The Eastern Star Hall in Sacramento, California is a building from 1928. It was listed on the National Register of Historic Places in 1993.

Sacramento's Eastern Star Hall was built in 1928 as a meeting hall for the Order of the Eastern Star, a Masonic women's organization. It is one of only four buildings constructed for the Eastern Star organization, and the only one still surviving and in active use. The building was listed in the National Register of Historic Places as a fine example of Romanesque Revival architecture, and a rare example of a local building devoted to a women's organization.

The building was designed by the architectural firm of Coffman, Salsbury & Stafford in the Romanesque Revival style. An architect's drawing of the building includes five people in front of the building, all women. The women in the sketch were dressed in contemporary 1920s fashions, with bobbed hair and knee-length skirts, and one behind the wheel of an automobile. This sketch provides insight into the changing role of women in the 1920s, and reflects the intended purpose of the building as the home of a women's organization.

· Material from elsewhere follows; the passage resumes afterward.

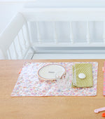 Set de table toile cirée TPU reversible en double imprimer, Saholy sable un coté et Django tangerine d'autre coté,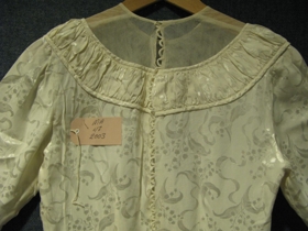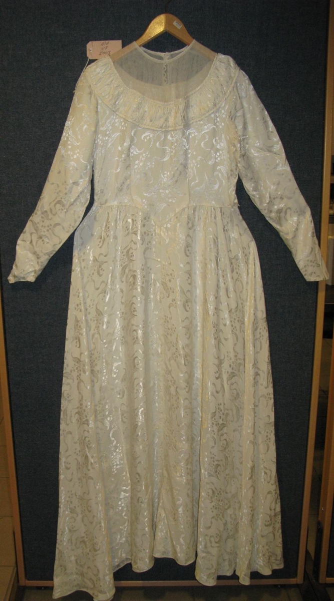 Hvítur, skósiður silkikjóll. Kjóllinn er úr mjög fallegu heilsilki uppí háls en þar er fallega rykkt brydding og síðan þunnt nælon efst í hálsmáli. Kjóllinn er langerma og eru smellur fremst á ermum. Hann er hnepptur að aftan, en það eru ekki hnappar á honum. Saumsprettur eru sitthvoru megin á hliðum á blússu og rétt fyrir ofan pilsið. Smellur eru á ermunum fremst. Kjóllinn er saumaður af Kristínu Sigfúsdóttur.

The building was completed in 1928, and used for both public and private functions. Many local schools used the hall's grand ballroom for dances and social functions. A fire in December 1936 temporarily closed the hall, but it was quickly repaired and reopened. Located directly across from the reconstructed Sutter's Fort, the hall became one of many social institutions around the Fort's perimeter on the eastern end of K Street.

In 2023, the building was converted to a Hyatt hotel, adding an 8-story steel-framed structure to the rear of the historic building.